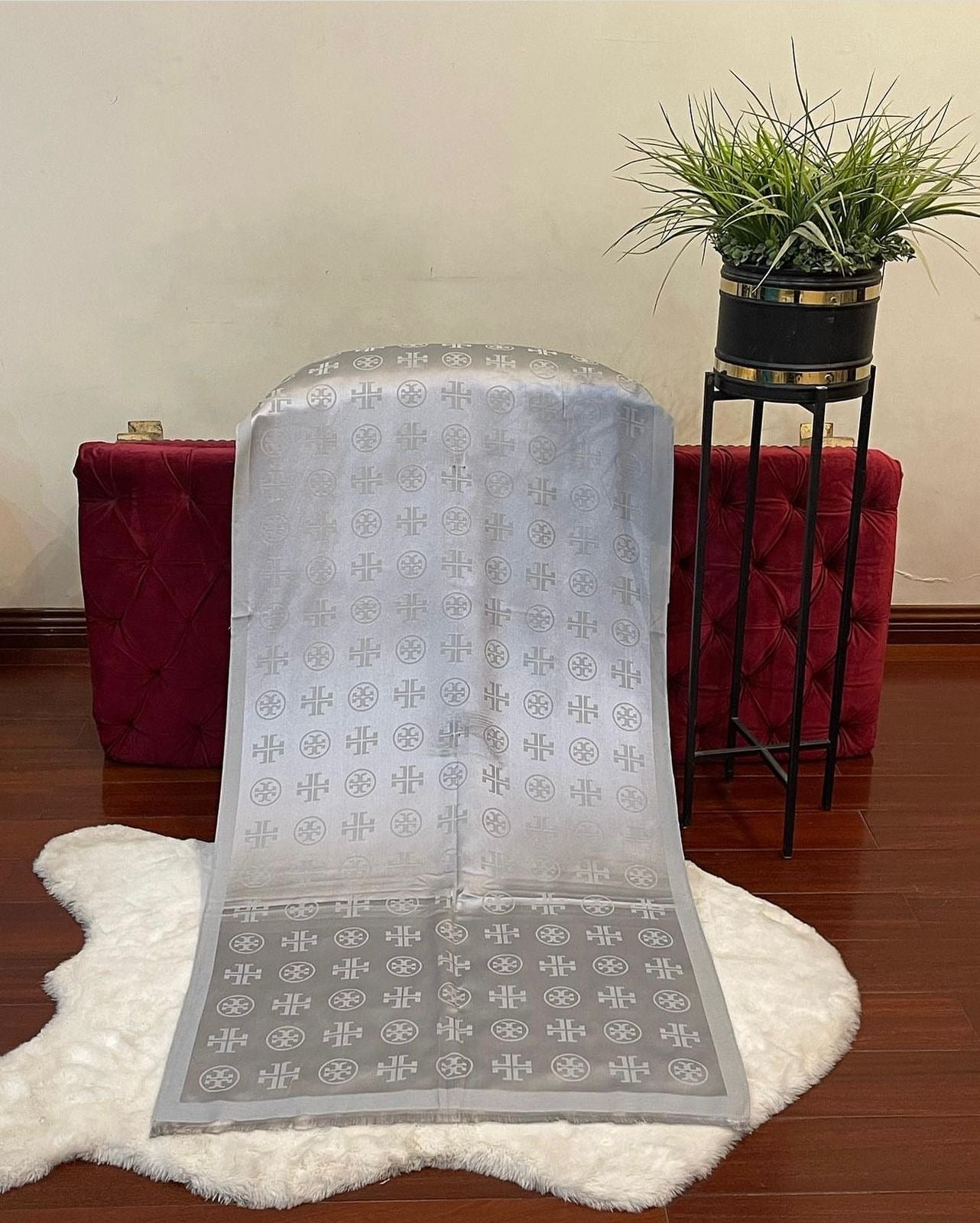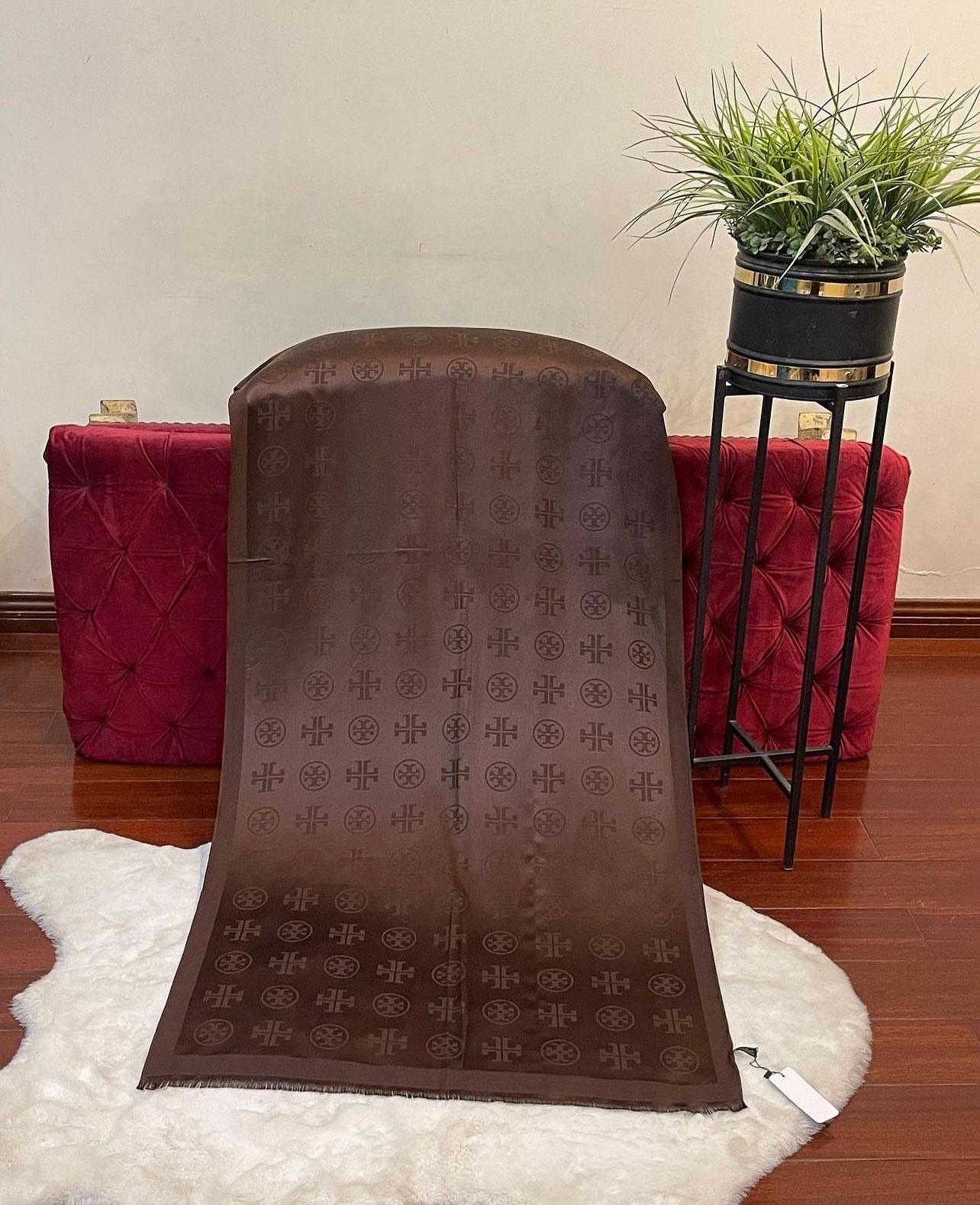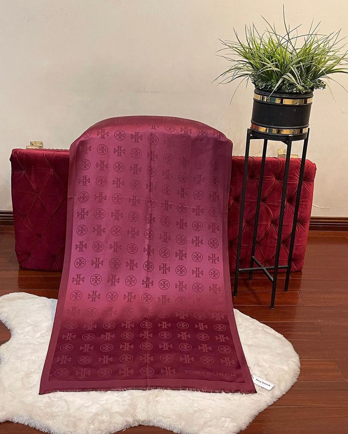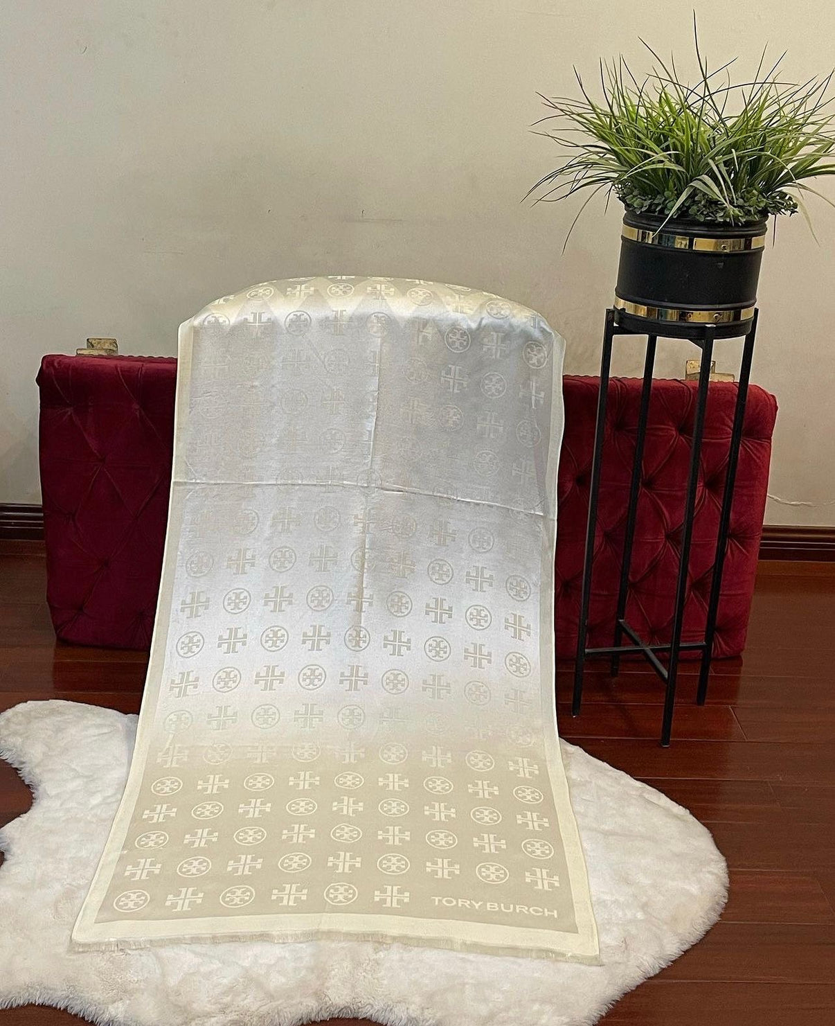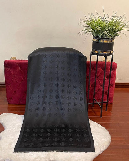 Material: Luxurious blend of fine silk and pashmina. Design: Elegant and timeless design, often featuring intricate patterns or the iconic Tory Burch monogram. - Size: 70 by 35 inch - Color Options: Available in various classic and seasonal colors, catering to different tastes. - Branding: Subtle yet sophisticated Tory Burch branding, typically woven or embroidered into the fabric. - Texture: Soft and lightweight, offering both comfort and warmth. - Versatility: Suitable for both casual and formal wear, easily enhancing any outfit.
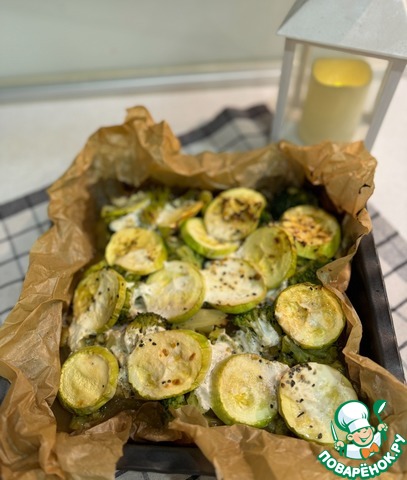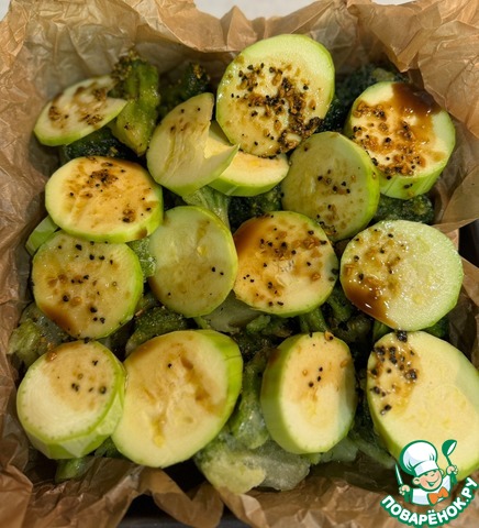 На филе рыбы выложить брокколи и кабачок, нарезанный кружочками. Сверху сбрызнуть оливковым маслом
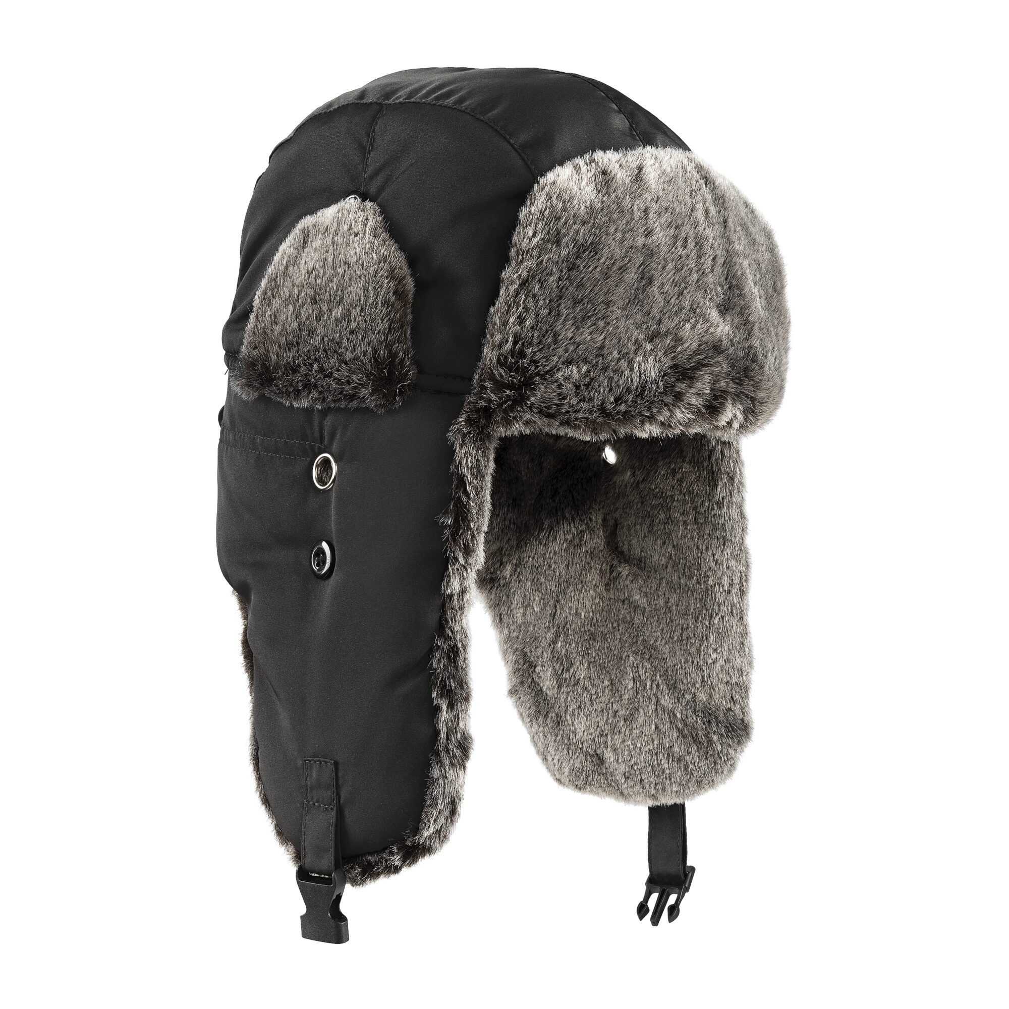 Insun Unisex pilotmössa, vintermössa, varm pilotmössa med fuskpäls, vintermössa, öronskydd, vintermössa, Svart 2, XXL
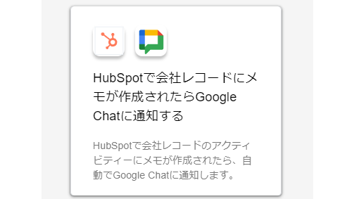 よくある業務フローをテンプレート化してある「レシピ」を選ぶだけで、HubSpotで会社レコードのメモが作成されたことを検知し、メモの情報をGoogle Chatに通知する業務フローが簡単に作成可能です。
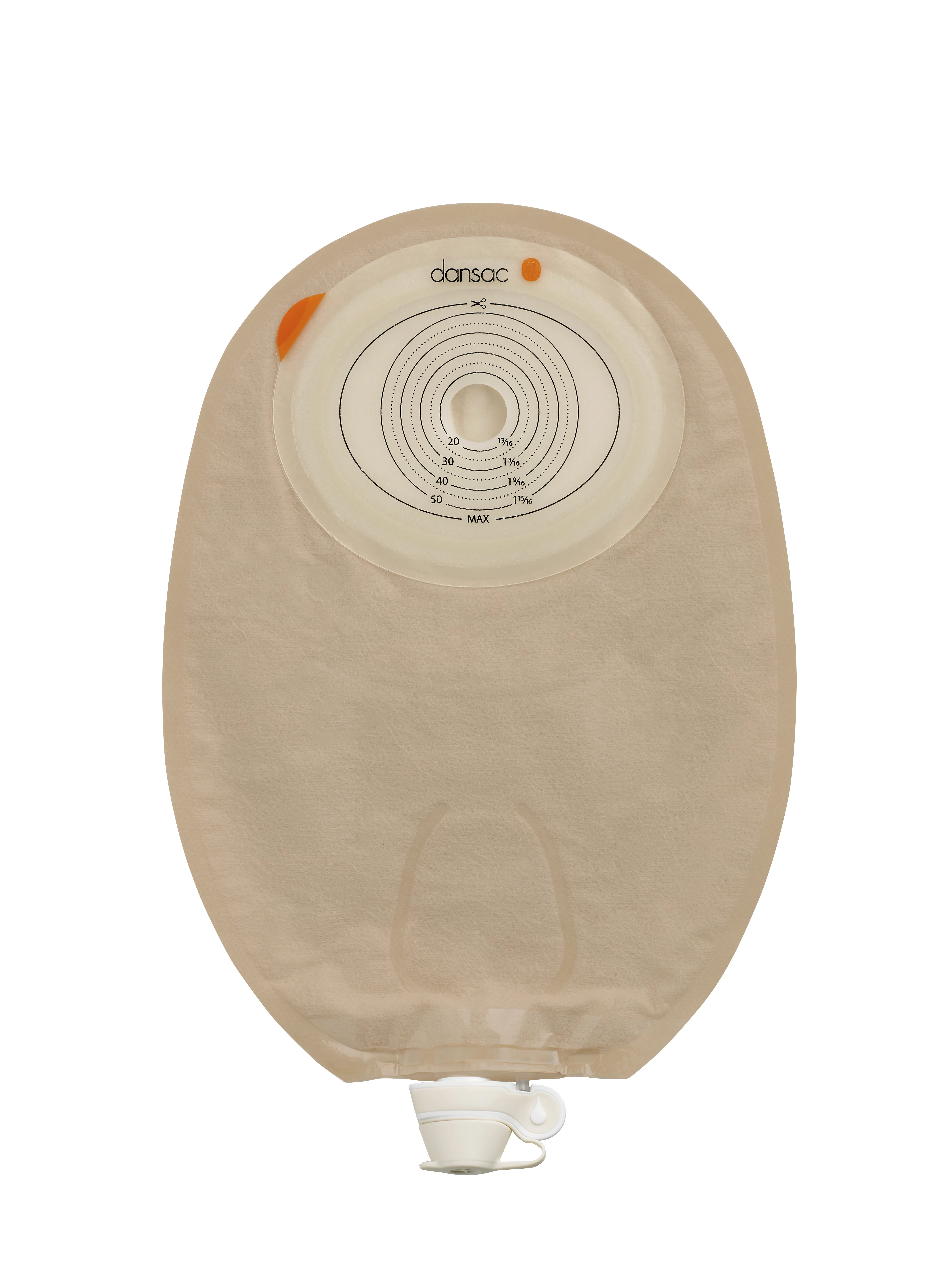 Dansac NovaLife TRE 1 Urostomy, egyrészes, testszínű, ablakos sztómazsák, méretre kivágható 15-55x-70 mm, 235 ml, vízlepergető borítással.
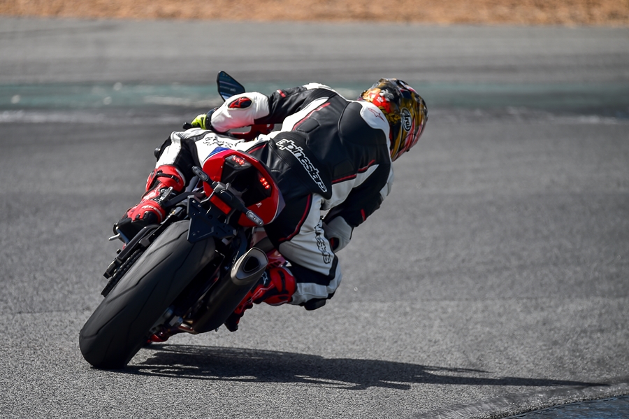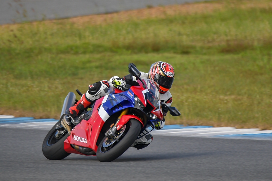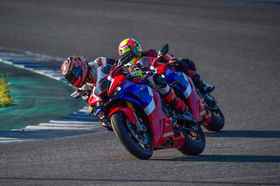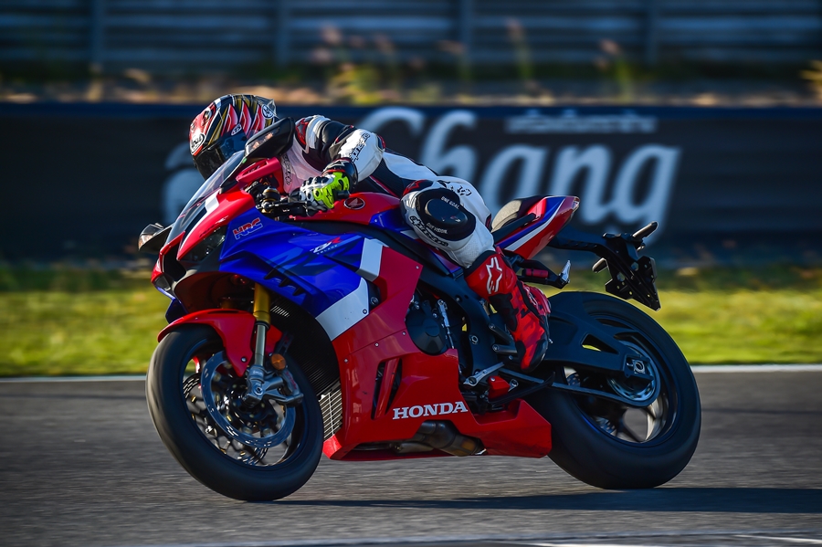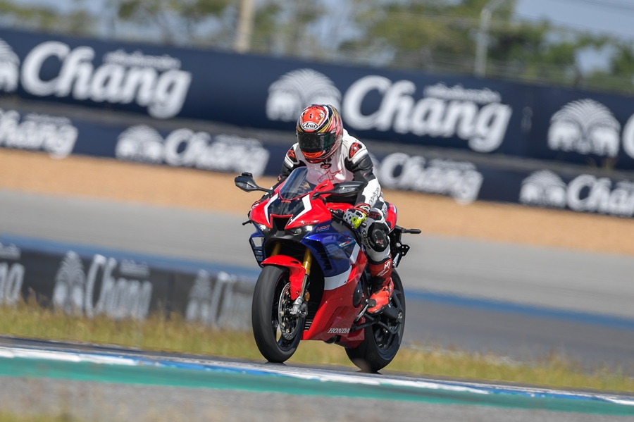 จากนั้นเข้าสู่ช่วงการทดสอบตามกลุ่มที่แบ่ง ผู้เขียนจากเพจ มอเตอร์ไบค์กูรู/เช็คราคา.คอม ได้ขี่ในกลุ่มสุดท้ายของภาคเช้า การขี่ทดสอบช่วงแรกเน้นความคุ้นเคยกับขุมพลังและมิติตัวรถ ด้วยเวลา 20 นาที ทำให้มีเวลาขี่จนเริ่มคุ้นชินและสนุกไปกับสมรรถนะตามจำนวนรอบที่มากขึ้น การขี่ซูเปอร์สปอร์ตไบค์คลาสสูงสุดระดับนี้ กลายเป็นเรื่องที่ง่ายขึ้นเพราะได้รับคำแนะนำเรื่องการใช้เกียร์ในโค้งต่างๆ จากโค้ชฟีม ที่ได้ลองตัวรถในสนามมาก่อน และระบบช่วยเหลือต่างๆ อันทันสมัยและฉลาดสุดๆ ทำให้การขี่มีความปลอดภัยมากยิ่งขึ้นไม่ว่าในสนามหรือบนถนน อย่างไรก็ตามค่าต่างๆ ผู้ใช้ก็สามารถปรับตั้งเองได้ในกรณีที่ต้องการให้รถตอบสนองการขี่ตามที่ต้องการ ส่วนตัวของผู้เขียนพอสรุปจากการขี่ทั้งสองช่วงเช้าและบ่ายได้เบื้องต้นว่า Honda CBR1000RR-R FIREBLADE SP เป็นบิ๊กไบค์ระดับซูเปอร์สปอร์ตที่ขี่และควบคุมง่ายเกินคาด ทำให้มั่นใจกับการเปิดคันเร่งและสนุกไปกับการทำความเร็ว ระบบเบรกที่ทำงานผสานกับวิงก์เลตใหม่ ตอบสนองได้ชัดเจนเมื่อต้องเบรกชะลอก่อนเข้าโค้ง หรือการทำความเร็วสูงในช่วงทางตรงยาวก็ให้ความมั่นคงในการทรงตัวที่ยอดเยี่ยม นอกจากนี้เสียงการทำงานของเครื่องยนต์ที่ส่งผ่านท่อไอเสีย Akrapovic ไทเทเนียม เร้าใจมากจนทำให้การขี่สนุกอย่างต่อเนื่องโดยเฉพาะการทำงานในรอบสูงที่ย่าน 10,500 - 11,000 รอบต่อนาที อันเป็นช่วงที่แตะกำลังสูงสุดของเครื่องยนต์
· · · · · · ·
◆ WHAT IS REQUIRED ◆
Here the lines from the one containing "Insun Unisex pilotmössa, vintermössa, varm" through the end of the material are to be copied exactly, with the pictures omitted.

◆ REPLY ◆
 Insun Unisex pilotmössa, vintermössa, varm pilotmössa med fuskpäls, vintermössa, öronskydd, vintermössa, Svart 2, XXL
 よくある業務フローをテンプレート化してある「レシピ」を選ぶだけで、HubSpotで会社レコードのメモが作成されたことを検知し、メモの情報をGoogle Chatに通知する業務フローが簡単に作成可能です。
 Dansac NovaLife TRE 1 Urostomy, egyrészes, testszínű, ablakos sztómazsák, méretre kivágható 15-55x-70 mm, 235 ml, vízlepergető borítással.
 จากนั้นเข้าสู่ช่วงการทดสอบตามกลุ่มที่แบ่ง ผู้เขียนจากเพจ มอเตอร์ไบค์กูรู/เช็คราคา.คอม ได้ขี่ในกลุ่มสุดท้ายของภาคเช้า การขี่ทดสอบช่วงแรกเน้นความคุ้นเคยกับขุมพลังและมิติตัวรถ ด้วยเวลา 20 นาที ทำให้มีเวลาขี่จนเริ่มคุ้นชินและสนุกไปกับสมรรถนะตามจำนวนรอบที่มากขึ้น การขี่ซูเปอร์สปอร์ตไบค์คลาสสูงสุดระดับนี้ กลายเป็นเรื่องที่ง่ายขึ้นเพราะได้รับคำแนะนำเรื่องการใช้เกียร์ในโค้งต่างๆ จากโค้ชฟีม ที่ได้ลองตัวรถในสนามมาก่อน และระบบช่วยเหลือต่างๆ อันทันสมัยและฉลาดสุดๆ ทำให้การขี่มีความปลอดภัยมากยิ่งขึ้นไม่ว่าในสนามหรือบนถนน อย่างไรก็ตามค่าต่างๆ ผู้ใช้ก็สามารถปรับตั้งเองได้ในกรณีที่ต้องการให้รถตอบสนองการขี่ตามที่ต้องการ ส่วนตัวของผู้เขียนพอสรุปจากการขี่ทั้งสองช่วงเช้าและบ่ายได้เบื้องต้นว่า Honda CBR1000RR-R FIREBLADE SP เป็นบิ๊กไบค์ระดับซูเปอร์สปอร์ตที่ขี่และควบคุมง่ายเกินคาด ทำให้มั่นใจกับการเปิดคันเร่งและสนุกไปกับการทำความเร็ว ระบบเบรกที่ทำงานผสานกับวิงก์เลตใหม่ ตอบสนองได้ชัดเจนเมื่อต้องเบรกชะลอก่อนเข้าโค้ง หรือการทำความเร็วสูงในช่วงทางตรงยาวก็ให้ความมั่นคงในการทรงตัวที่ยอดเยี่ยม นอกจากนี้เสียงการทำงานของเครื่องยนต์ที่ส่งผ่านท่อไอเสีย Akrapovic ไทเทเนียม เร้าใจมากจนทำให้การขี่สนุกอย่างต่อเนื่องโดยเฉพาะการทำงานในรอบสูงที่ย่าน 10,500 - 11,000 รอบต่อนาที อันเป็นช่วงที่แตะกำลังสูงสุดของเครื่องยนต์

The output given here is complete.